My Lady

J’aurais aimé trouver un titre plus évocateur pour vous présenter ce film mais rien ne me venait pour résumer en un seul titre tout ce que m’a inspiré cette histoire.

Je suis sortie de la salle de cinéma bouleversée, parce que l’histoire est touchante certes, mais parce que le sujet est grave. Peut-être est-ce aussi parce que je me suis sentie concernée car j’ai travaillé moi même dans le domaine de la Protection de l’Enfance. Il me semblait incontournable de vous faire partager mes interrogations et mes émotions, je vais essayer de le faire le plus fidèlement possible.

L’histoire:

Faut-il obliger un adolescent à recevoir la transfusion qui pourrait le sauver ? Fiona Maye, Juge de la Haute Cour, décide de lui rendre visite, avant de trancher. Leur rencontre bouleversera le cours des choses.

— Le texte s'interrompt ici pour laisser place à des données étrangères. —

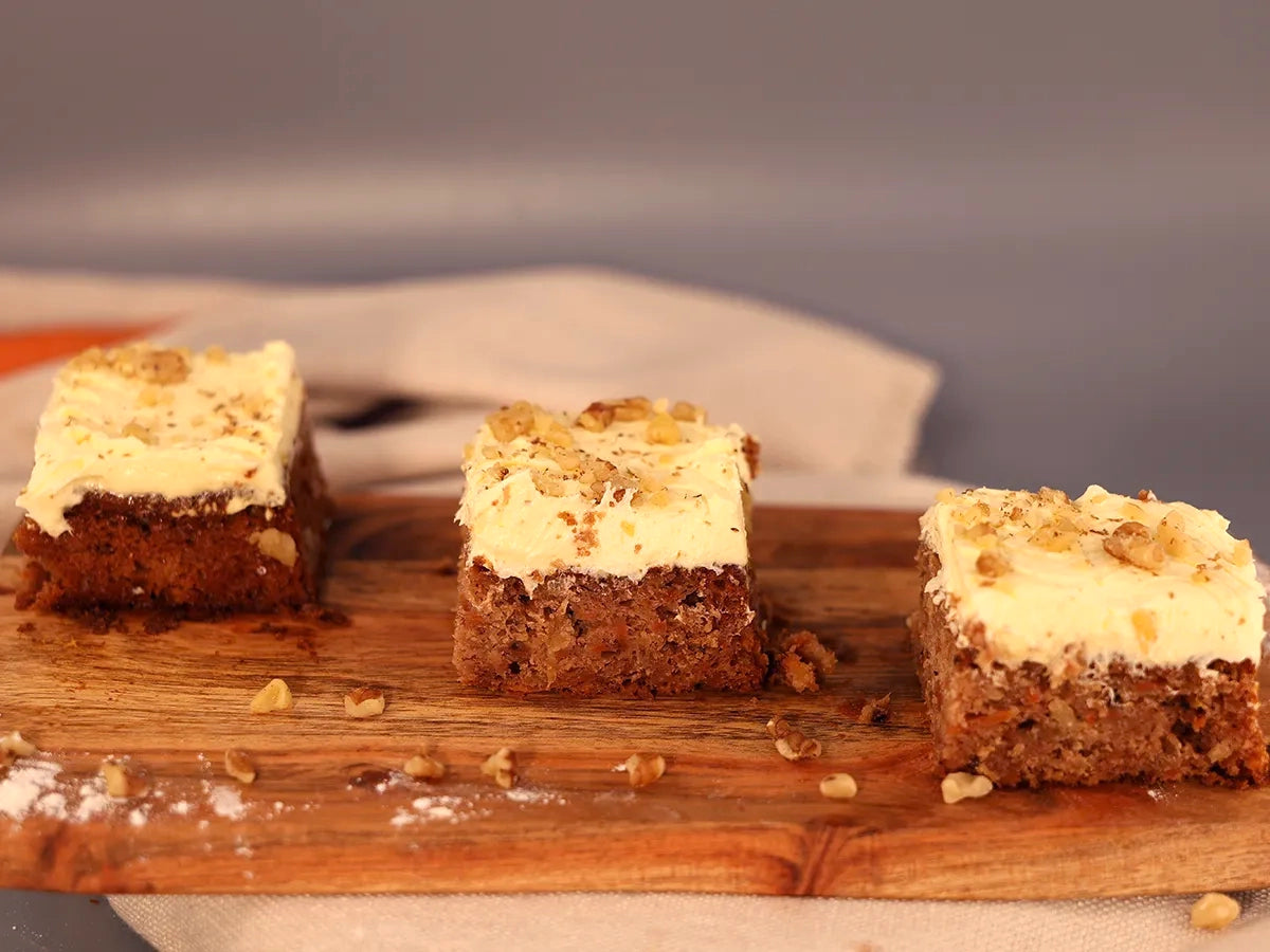 Savor the timeless charm of our Traditional Carrot Cake, a moist, spice-kissed delight bursting with sweet, earthy carrots and warm notes of cinnamon and nutmeg. Each tender slice is crowned with a luscious cream cheese icing, velvety and tangy, with wavy lines to perfection, and finished with a generous scattering of crunchy, toasted, crushed walnuts.
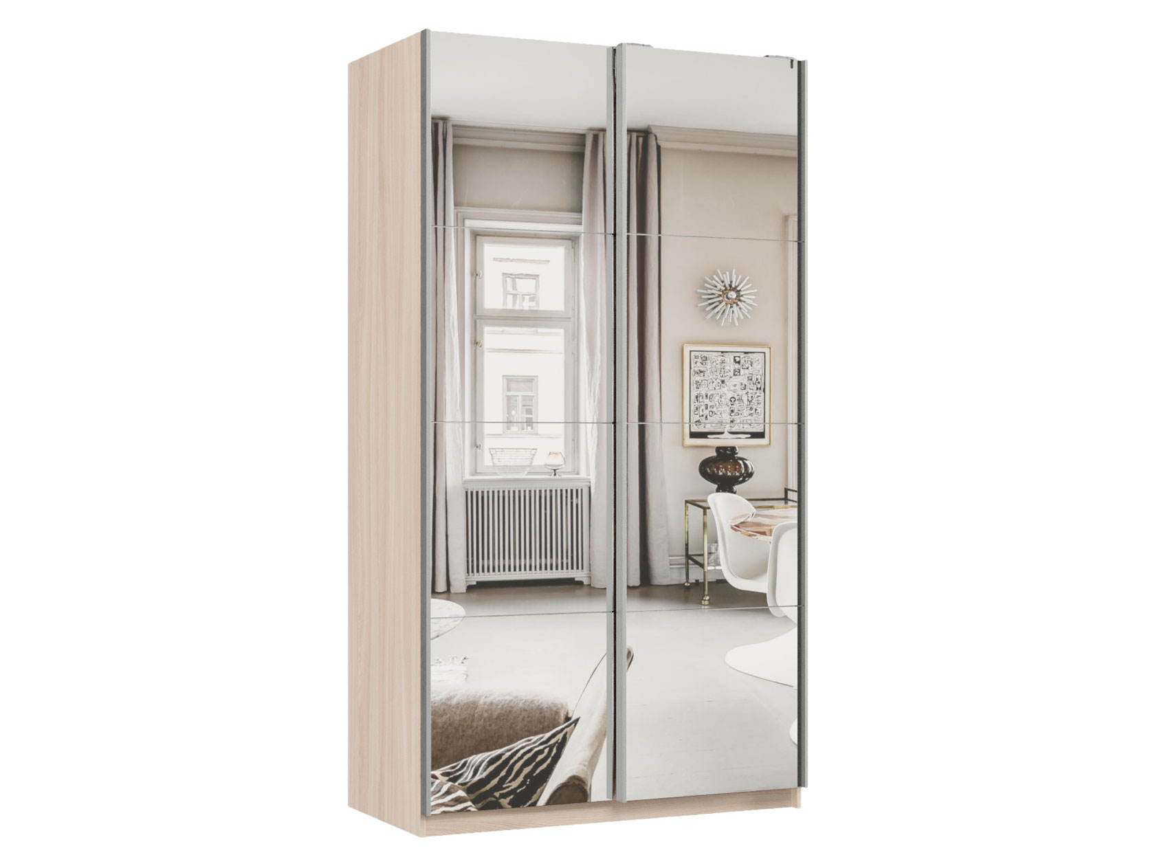 Шкаф-купе Смарт Зеркальный Ясень Шимо светлый / Зеркало 220 см 120 см

Quand on connaît le milieu de la Justice des Mineurs, on sait que nul n’est besoin d’une visite à l’hôpital pour prendre une décision qui coule de source,  alors pourquoi Fiona Maye se déplace t-elle? Il est bien montré dans ce film le raz-de-marée émotionnel que cette visite à l’hôpital déclenche non seulement sur l’adolescent mais sur la juge également, sans qu’elle y prenne garde.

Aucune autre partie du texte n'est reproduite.